#### WHAT YOU WILL DO:
Your copy of the data should match it exactly, except that the pictures are gone.

Dataset items

[Start of section]

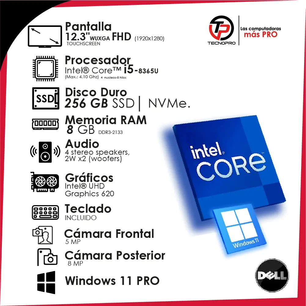 Tablet Dell Windows Core I5 – 8 Gb Ram – 256 Gb Ssd + Touch Negro
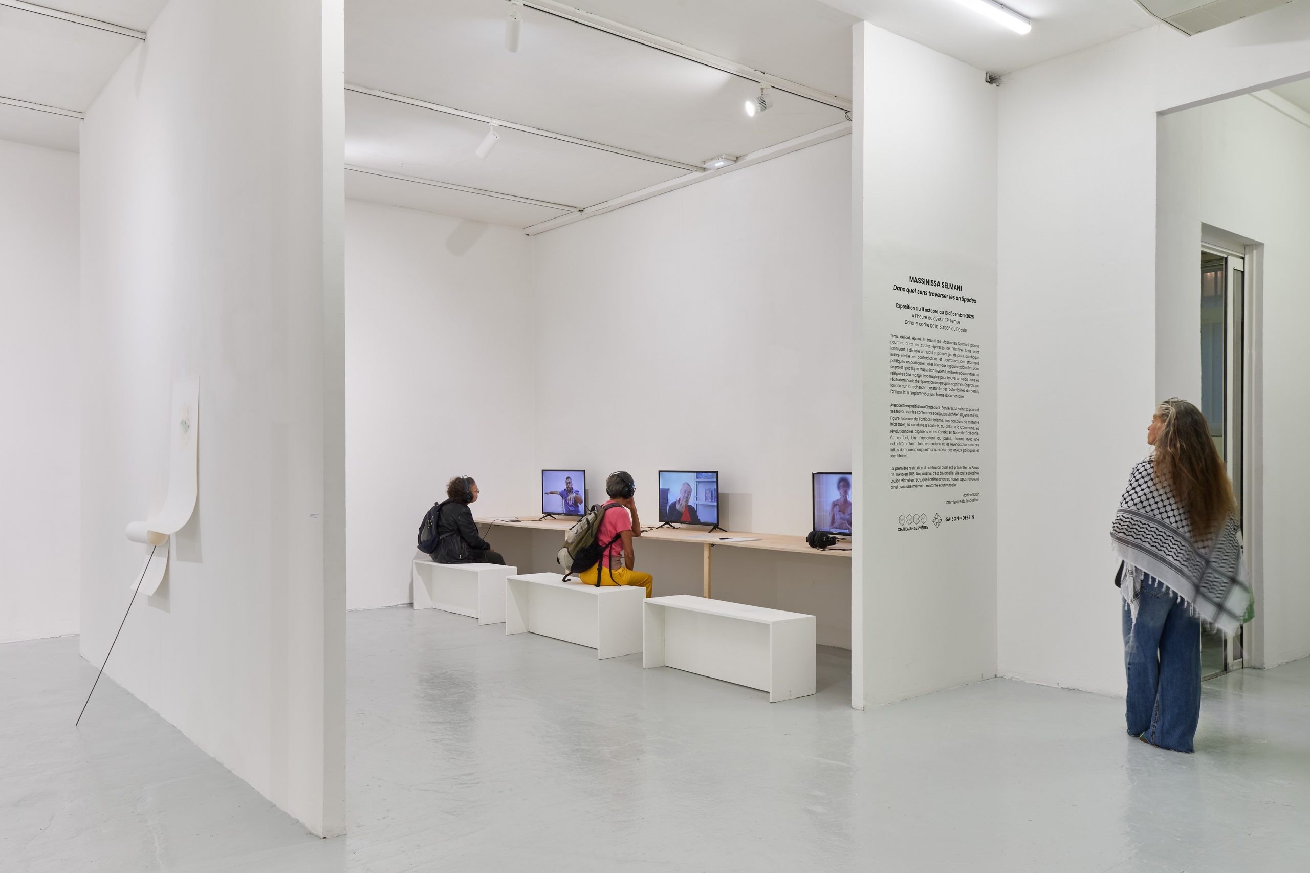 Vues de l’exposition Dans quel sens traverser les antipodes, Massinissa Selmani au Château de Servières, 2025 © Jean-Christophe Lett
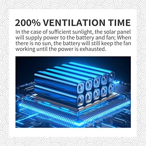 Solar Size 13.2*8.7*0.7 inch Solar Power Tolerance ±3% Battery Size 6*3.4*1.4 inch Battery Weight 0.8 pounds Battery Type Lithium iron phosphate Battery Waterproof Grade IP65 Battery Voltage 12V Battery Supply Energy 4~5 hours Fan Size 6 inch Fan Shell Metal Fan Blade PP Fan Noise 39dB Fan Type Exhaust fan Ventilated Space 400 cubic feet
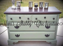 MiMi's Shabby Chic Furniture by Tonya Silva restyled this dresser with General Finishes Basil Milk Paint and Java Gel Stain. Gorgeous combination!
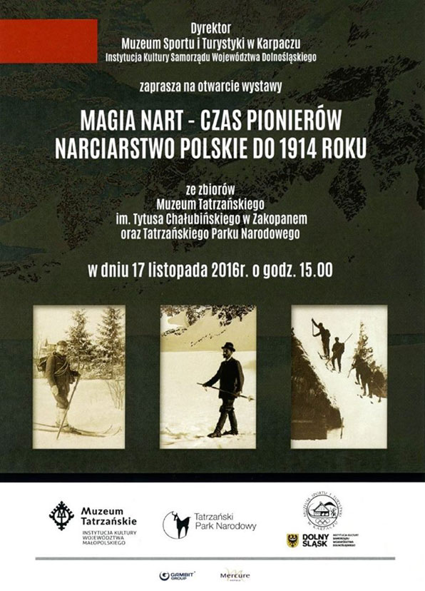 Dyrektor Muzeum Sportu i Turystyki w Karpaczu zaprasza na otwarcie wystawy zatytułowanej " Magia nart - czas pionierów. Narciarstwo polskie do roku 1914" ze zbiorów Muzeum Tatrzańskiego im. Tytusa Chałubińskiego w Zakopanem oraz Tatrzańskiego Parku Narodowego. Wernisaż wystawy odbędzie się 17 listopada 2016 r., o godzinie 15:00, w Muzeum Sportu i Turystyki w Karpaczu, ul. Mikołaja Kopernika 2 (tel. 75 76 19 652, www.muzeumsportu.org).
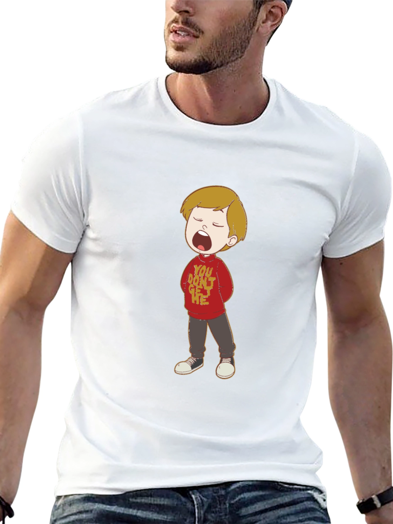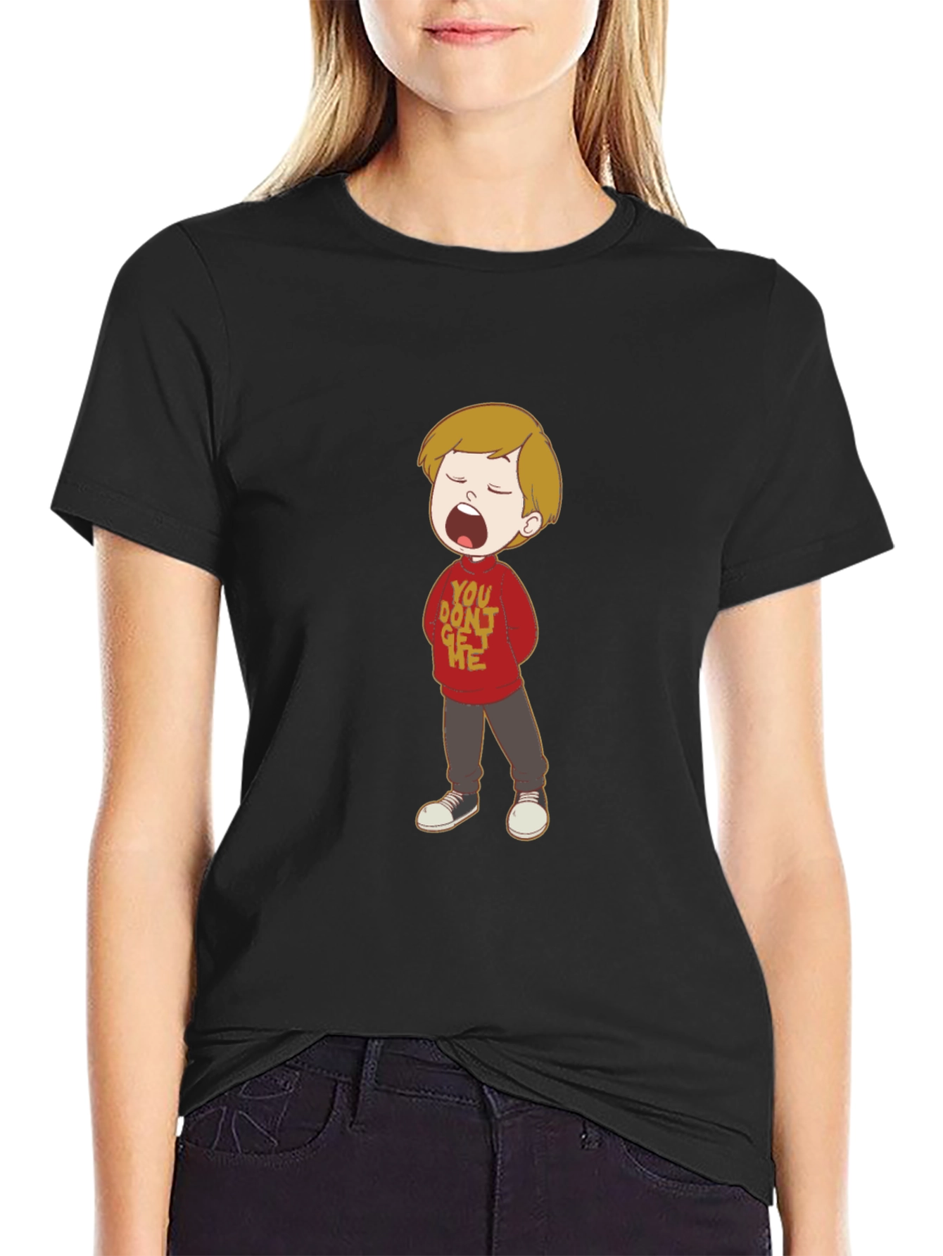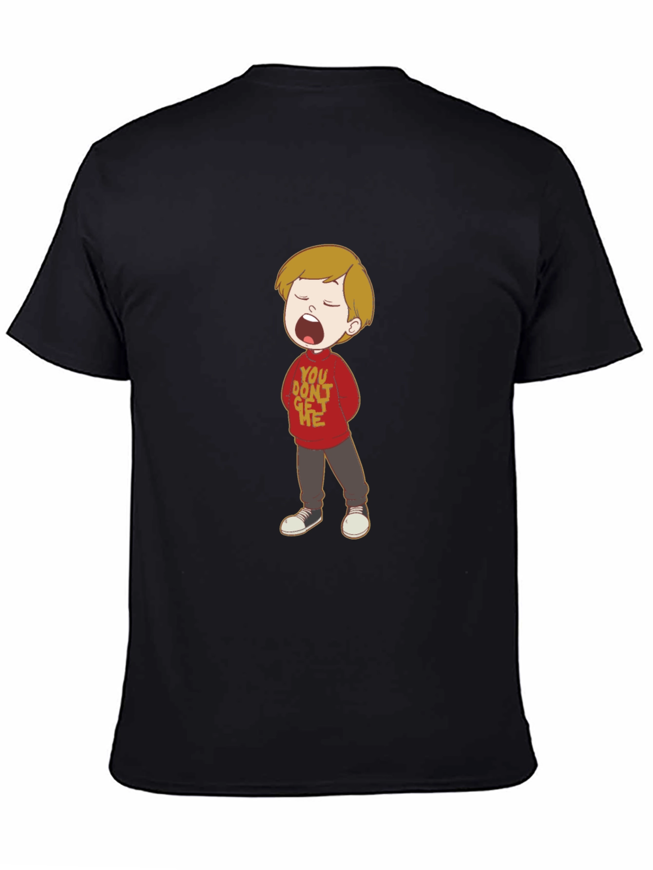 This stylish black tee features a colorful cartoon graphic of a boy with an open mouth, wearing a red sweater with text. The shirt appears to be made from a soft and comfortable cotton blend, ideal for everyday wear. The design is unique and eye-catching, perfect for those who love playful and expressive clothing. Pair it with jeans or shorts for a casual look, or dress it up with a blazer for a more fashionable outfit. A great conversation starter and a fun addition to any wardrobe.

[End of section]

#### WORKED SOLUTION:
 Tablet Dell Windows Core I5 – 8 Gb Ram – 256 Gb Ssd + Touch Negro
 Vues de l’exposition Dans quel sens traverser les antipodes, Massinissa Selmani au Château de Servières, 2025 © Jean-Christophe Lett
 Solar Size 13.2*8.7*0.7 inch Solar Power Tolerance ±3% Battery Size 6*3.4*1.4 inch Battery Weight 0.8 pounds Battery Type Lithium iron phosphate Battery Waterproof Grade IP65 Battery Voltage 12V Battery Supply Energy 4~5 hours Fan Size 6 inch Fan Shell Metal Fan Blade PP Fan Noise 39dB Fan Type Exhaust fan Ventilated Space 400 cubic feet
 MiMi's Shabby Chic Furniture by Tonya Silva restyled this dresser with General Finishes Basil Milk Paint and Java Gel Stain. Gorgeous combination!
 Dyrektor Muzeum Sportu i Turystyki w Karpaczu zaprasza na otwarcie wystawy zatytułowanej " Magia nart - czas pionierów. Narciarstwo polskie do roku 1914" ze zbiorów Muzeum Tatrzańskiego im. Tytusa Chałubińskiego w Zakopanem oraz Tatrzańskiego Parku Narodowego. Wernisaż wystawy odbędzie się 17 listopada 2016 r., o godzinie 15:00, w Muzeum Sportu i Turystyki w Karpaczu, ul. Mikołaja Kopernika 2 (tel. 75 76 19 652, www.muzeumsportu.org).
 This stylish black tee features a colorful cartoon graphic of a boy with an open mouth, wearing a red sweater with text. The shirt appears to be made from a soft and comfortable cotton blend, ideal for everyday wear. The design is unique and eye-catching, perfect for those who love playful and expressive clothing. Pair it with jeans or shorts for a casual look, or dress it up with a blazer for a more fashionable outfit. A great conversation starter and a fun addition to any wardrobe.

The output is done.